A special issue of Sustainability (ISSN 2071-1050). This special issue belongs to the section "Green Building".

Deadline for manuscript submissions: closed (28 February 2023) | Viewed by 4119

Special Issue Editors

Prof. Dr. Bu-Seog Ju

E-Mail Website
Guest Editor
Department of Civil Engineering, KyungHee University, Yongin-si 17104, Republic of Korea
Interests: risk assessment of structural and nonstructural components (piping systems; flood defense structures; bridges; NPPs; hydroelectric power plants; performance-based design in earthquake engineering; the response of dynamic soil-foundation and fluid-structure interaction)
Prof. Dr. Shinyoung Kwag

E-Mail Website
Guest Editor
Department of Civil Environmental Engineering, Hanbat National University, Daejeon 34158, Korea
Interests: probabilistic risk assessment; uncertainty; building-piping interaction
Dr. Bub-Gyu Jeon

E-Mail Website
Guest Editor
Seismic Research and Test Center, Pusan National University, Yangsan-si 50612, Korea
Interests: experimental test; piping; sensitivity analysis

Special Issue Information

Dear Colleagues,

Since the 9.0-magnitude Fukushima earthquake in Japan on March 11th, 2011, many engineers have recognized the need to have structural and nonstructural components remain operational or functional under beyond-design-basis events in order to mitigate earthquake damage. The nonstructural components, i.e., piping system, electrical cabinets, electrical component/equipment, etc., provide sustainable energies such as steam, electrical power, and water in nuclear and nonnuclear power plants or critical building structures. In addition, such equipment can cause unexpected nonstructural earthquake damages related to significant economic loss and suspension of operation during and after a strong ground motion. Therefore, this Special Issue in the Journal of Sustainability welcomes novel state-of-the-art numerical simulations such as the high fidelity finite element analysis and the experimental tests in accordance with innovative applications in the area of the piping system, electrical cabinets, electrical component/equipment, etc., of nuclear and nonnuclear power plants and critical facility structures.  Topics or categories for this Special Issue include, but are not limited to, the following:

  • Building–piping (or cabinet) interaction;
  • Mitigation of earthquake damage of structural or nonstructural components under beyond-design-basis events;
  • Fragility analysis based on extreme events;
  • Soil–structure interaction of nuclear or nonnuclear power plants;
  • Seismic performance of electrical equipment (cabinet system) based on shaking table test;
  • Strengthening or retrofit practices for emergency preparedness capabilities of critical facilities structures subjected to a strong ground motion;
  • High fidelity simulation FE models of structural and nonstructural components;
  • Small or large-scale piping experimental test analysis in nuclear or nonnuclear power plants;
  • Sensitivity or uncertainty analysis related to the probability of system failure.

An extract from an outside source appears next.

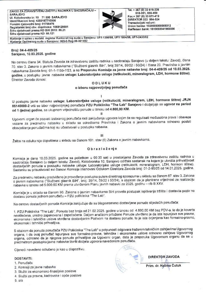 Odluka o izboru – laboratorijske usluge (retikulociti, mineralogram, LDH, hormoni štitne)
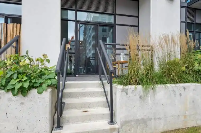 Welcome to this gorgeous terraced unit at the desirable Backyard Condos, conveniently located just north of the Queensway. Enter either via the front lobby with concierge, or directly to your unit from the courtyard through your beautiful private terrace, giving it a townhouse feel. Perfect patio space for quiet enjoyment with a coffee, to hop on your bike or to take the dog for a quick walk. Ideal for a home cook, upgraded chef’s kitchen with large island, beautifully custom shaker cabinets and stainless appliances. Comfortable living room overlooks green space while feeling private. Bedroom features large walk in closet. High ceilings throughout, ensuite laundry, parking and locker. Building features gym, dog grooming area, children’s play room, party room. Right next door is a convenience store, pharmacy and health care centre, with Bell Manor Park up the road. Only an 8 minute bike ride to the Martin Goodman Trail taking you right into the city’s core. Nearby you’ll find easy access to TTC, Sobeys, lots of dining options and a short distance to the lake. Perfect for either a first time buyer or investor, this well maintained unit is a blend of urban sophistication offering a great city lifestyle in a quiet community setting.

This Special Issue deals with such topics above with the aim to contribute to the sustainable energy supplies in nuclear/nonnuclear power plants or critical facilities structures.

Prof. Dr. Bu-Seog Ju
Prof. Dr. Shinyoung Kwag
Dr. Bub-Gyu Jeon
Guest Editors

Manuscript Submission Information

Manuscripts should be submitted online at www.mdpi.com by registering and logging in to this website. Once you are registered, click here to go to the submission form. Manuscripts can be submitted until the deadline. All submissions that pass pre-check are peer-reviewed. Accepted papers will be published continuously in the journal (as soon as accepted) and will be listed together on the special issue website. Research articles, review articles as well as short communications are invited. For planned papers, a title and short abstract (about 100 words) can be sent to the Editorial Office for announcement on this website.

Submitted manuscripts should not have been published previously, nor be under consideration for publication elsewhere (except conference proceedings papers). All manuscripts are thoroughly refereed through a single-blind peer-review process. A guide for authors and other relevant information for submission of manuscripts is available on the Instructions for Authors page. Sustainability is an international peer-reviewed open access semimonthly journal published by MDPI.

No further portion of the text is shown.